Inside the Numbers

An Emerging Boon To Your Business

Avery Untitled 1As you know — or at least should know if you read this column regularly — the federal government’s recent change in the way it judges motor carriers’ safety performance works to the advantage of parts suppliers and service providers.

By shining a light specifically on vehicle maintenance compliance, among other concerns, the Federal Motor Carrier Safety Administration’s Compliance Safety Accountability program forces fleets to find and fix flaws that previously might have gone unnoticed or at least unattended.

And as discussed last month, FMCSA makes it easy to identify the fleets in your market that are struggling most with that challenge.

This is just the beginning, however. Down the road, you could be able to identify many more potential customers due to government oversight.

As it stands, CSA highlights nearly 22,000 motor carriers operating 277,000 trucks that have been targeted for some type of intervention because of vehicle maintenance deficiencies. That sounds like a large number, but it’s only 3 percent of all active carriers that have USDOT numbers.

Does that mean that only 3 percent of all fleets struggle to maintain vehicles to safety standards? Not hardly. For starters, there are many more carriers that lurk just below the intervention threshold.

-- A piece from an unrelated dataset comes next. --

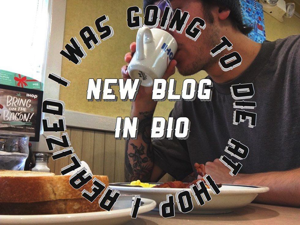I realized at IHOP I was going to die. I don't know if it was the people next to me on their way to a funeral or the non-surprising amounts of old people around me — probably the combination. Either way, it scared the shit out of me. I watched the elderly couple in front of me struggle to order their food and another couple slowly helping each other to their seats. I guess I’ve always known I was going to die. However, there are plenty of distractions in my life that direct my attention away from that fact. It usually isn’t until a funeral, a really moving film or a celebrity death that we start talking about death or thinking about it. Even then I feel we don’t really come to grips with the fact of our impending doom.

But there’s a much bigger reason why looking at CSA alerts captures only a fraction of the carriers and trucks that likely have safety-related vehicle maintenance problems. In the past two years, only 64 percent of carriers had at least one vehicle inspection at the roadside or weigh station.

Perhaps that wouldn’t be so bad if that 64 percent had lots of inspections. But that’s not the case.

Only 33 percent of carriers have had three or more inspections in the past two years, and only 6 percent were inspected 20 or more times over a two-year period.

CSA is just the tip of a lucrative iceberg, but it will take a while.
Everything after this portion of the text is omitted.